Hi, As I already mentioned, we don't have join with other table to use tMap and set the Store temp data as true. hence we cannot use that option, please provide any other alternate solution based on the screen shot shared by eshvar Thanks, Vijay
we don't have join with other table to use tMap and set the Store temp data as true
From the job screenshot shared by eshvar, we can see there has join on tMap. It is a big job that contains many subjobs, I will suggest to debug the job step by step to see which subjob or component consumes so much memory, only remain one subjob and deactivate other subjobs, run the job and detect which subjob has the error.
Best regards
Shong
Hi Shong,
We are referring to the second tMap from the screen shot (i.e) reading the the data from the txt (flat file) format to tMap and to the respective table (Account Links) to store the data. Here, we are finding the leakage while reading the data from txt (flat file) to tMap. Hence we would like to reduce this and looking for the option to change the data to store in disk rather then memory or any other alternate option.
Thanks, Vijay
Hello
It is impossible to store the data in disk on a file component, all the data are read and stored in memory. If you are limited to increase the memory to the job execution, you can try to split the source file to several small files with a job. For example:
tLoop--iterate--tFileInputFullRow--main--tFileOutputDelimited
tLoop: do a for loop.
From:0
To: the total number of lines you have in the source file or set a big number greater than the real number of lines.

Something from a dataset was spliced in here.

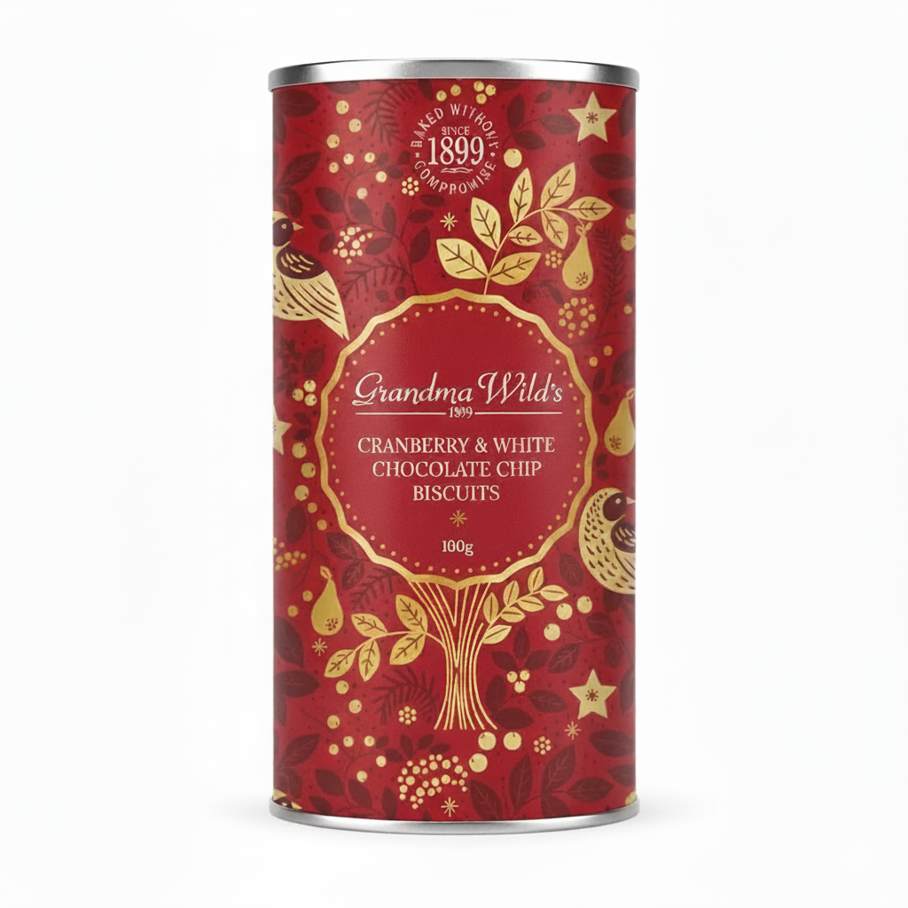 De Grandma Wild’s Cranberry & White Chocolate Chip Biscuits zijn een elegante traktatie voor liefhebbers van verfijnde smaken. Elke biscuit biedt een perfecte balans tussen de frisse, lichtzure smaak van veenbessen en de romige zoetheid van witte chocolade, verpakt in een charmant rood blik dat warmte en gezelligheid uitstraalt.

Step: the number of lines you want to have in a small file, let's say 1000000
tFileInputFullRow: read the source file line by line.

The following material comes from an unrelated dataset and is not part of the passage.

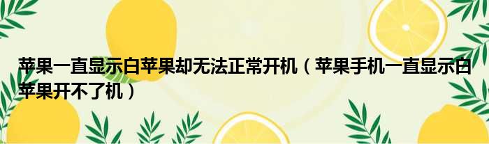 苹果一直显示白苹果却无法正常开机(苹果手机一直显示白苹果开不了机)

Header: the start line of file, set the header as ((Integer)globalMap.get("tLoop_1_CURRENT_VALUE")).
Limit: set the limit as the same number of Step parameter on tLoop, let's say 1000000
tFileOutputDelimited: generate N small files which has 1000000 lines of data, set the file name with a dynamic path, for example:
"D:/work/file/test1/"+((Integer)globalMap.get("tLoop_1_CURRENT_ITERATION"))+"out.csv"
Best regards
Shong
Hi Shong,
Thanks for your valuable Input, we have followed as you mentioned like "tLoop--iterate--tFileInputFullRow--main--tFileOutputDelimited" its worked well by splitting the file as I set for around 50k records for each file, which has bring down the memory size to < 50MB on each file and started splitting as multiple files, then I used tFileDelete to remove these temp or multiple files after each execution, Now i can able to run the millions of records on each file with less memory space.
Thanks with Regards,
Vijay